Phillips is a serial entrepreneur and has helped found several startups that have either gone public or been acquired. He has also worked for Goldman Sachs’ 10,000 Women Initiative, which helped women entrepreneurs in Africa, India, China and Latin America start their own businesses. He says he has seen firsthand the impact of promoting entrepreneurship in distressed areas.
“I have seen how this has worked,” Phillips said. “I know it works and I’ve seen the great impact that entrepreneurs can have on an economy in the Third World. It certainly can happen in low-income census tracts.”
Phillips said setting up a QOZB fund was difficult; it took him and his team nine months to set one up.
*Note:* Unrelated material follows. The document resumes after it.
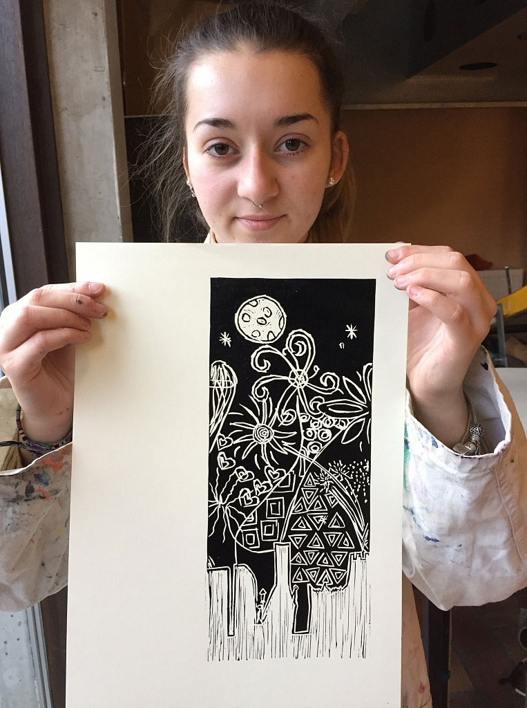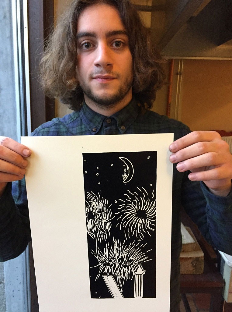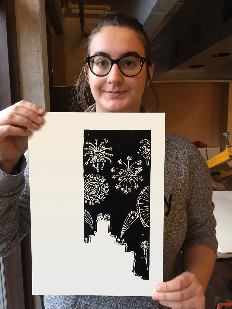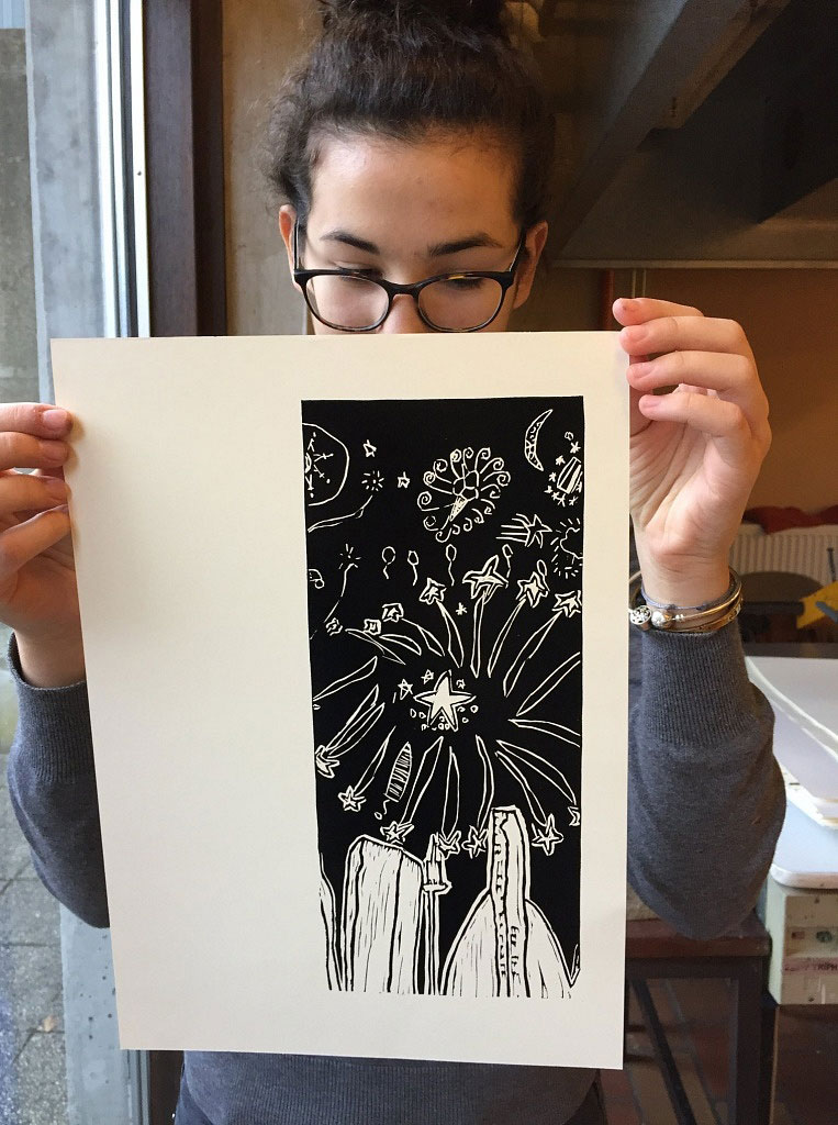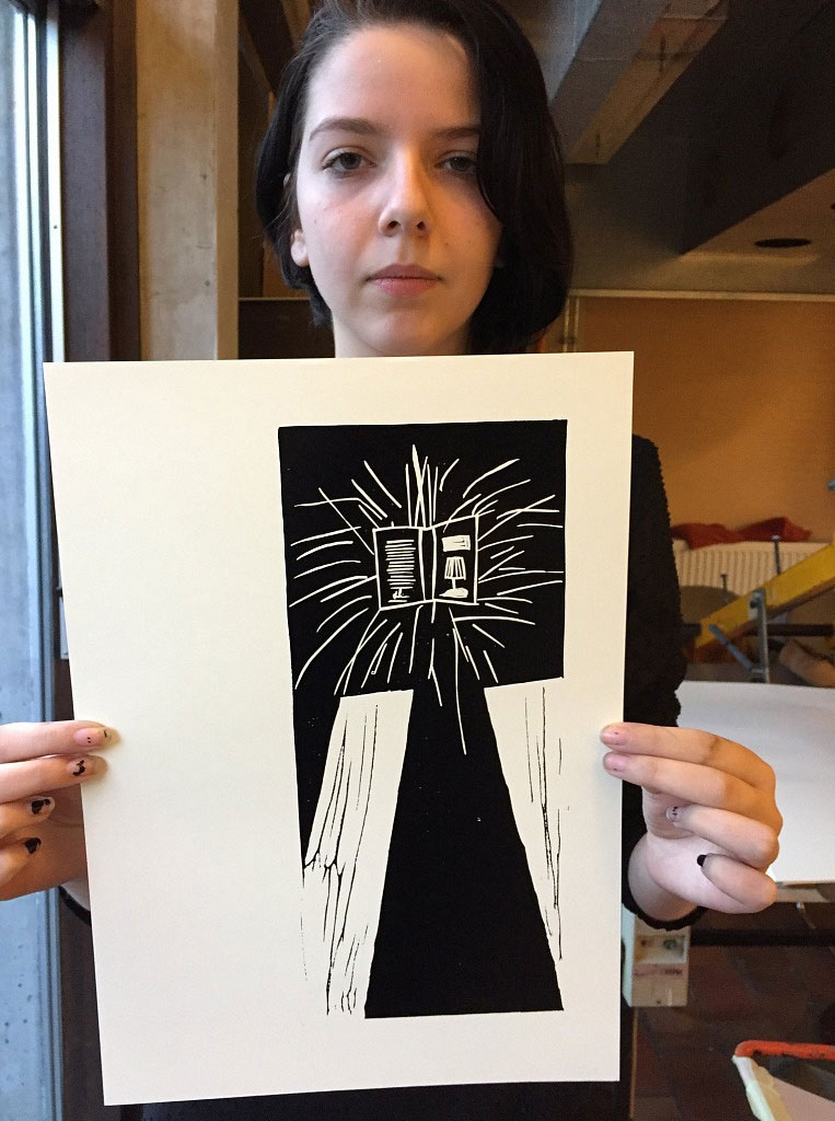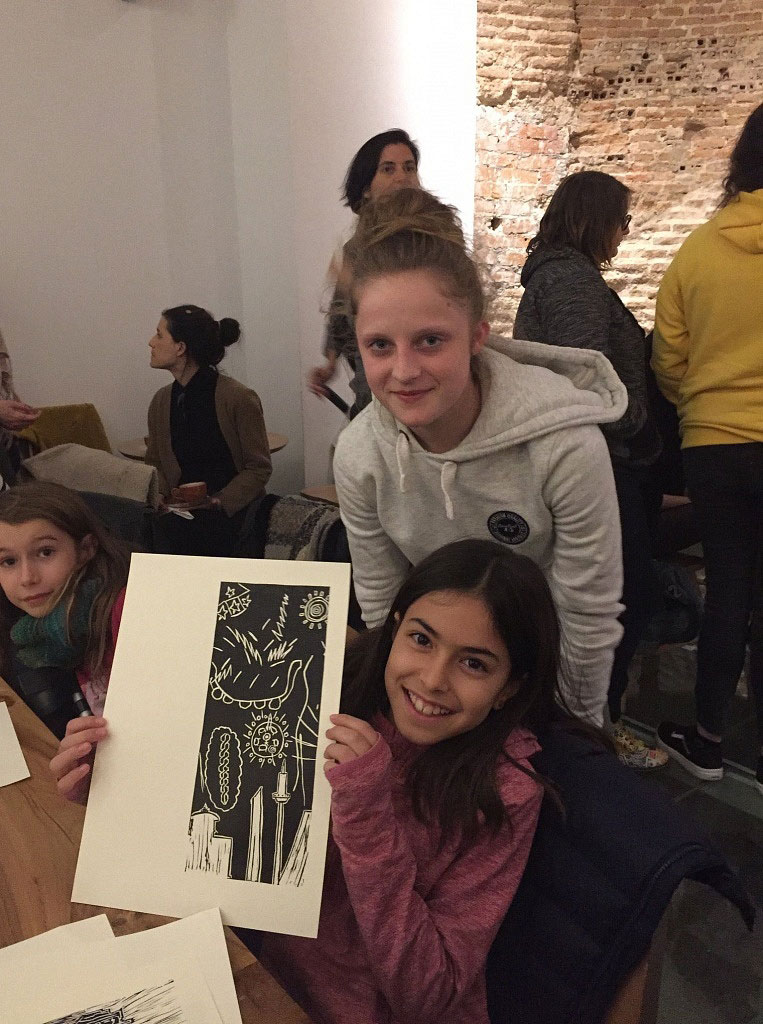 A su vuelta a La Louvière, los alumnos de Alain hicieron linograbados a partir de las ilustraciones de los niños españoles.

But the learning process was well worth it — he has already helped a half-dozen or so people set up their own qualified opportunity zone funds to fund QOZBs.
He said it is going to take a movement for this program to pick up steam. Unlike commercial real estate, where several big firms have set up qualified opportunity zone funds to invest in opportunity zone projects, he sees a lack of interest from the business community. Private equity, big venture funds and financial firms that normally would invest have yet to step up.
“We’re not seeing the movement of really large massive companies in the industry moving in like we did in real estate,” Phillips said. “It’s going to take serial entrepreneurs, people in the community … It’s going to take a movement of many hundreds, if not thousands, of individuals setting up small funds and business funds to invest in these communities. That’s going to take a while. It’s building and it’s going to start.”
The holy grail, as Phillips calls it, is being able to fund the next Apple or Google. But even if that doesn’t happen, there are plenty of companies that can make an investor “10, 20, 50 to 100 times their money.”
“It doesn’t have to be a 1,000 times or a billion dollar company. There’s lots of money to be made and lots of attractive businesses that are acquired all the time,” he said.
He added business and commercial real estate go hand in hand. A QOZB can’t thrive in an opportunity zone if it doesn’t have the space to open or expand, while an office building in an opportunity zone can’t fully succeed if it doesn’t have the right tenants. Both industries need to support each other, Phillips said.
“I think there’s a great marriage happening or [that] will happen [with this program],” he said.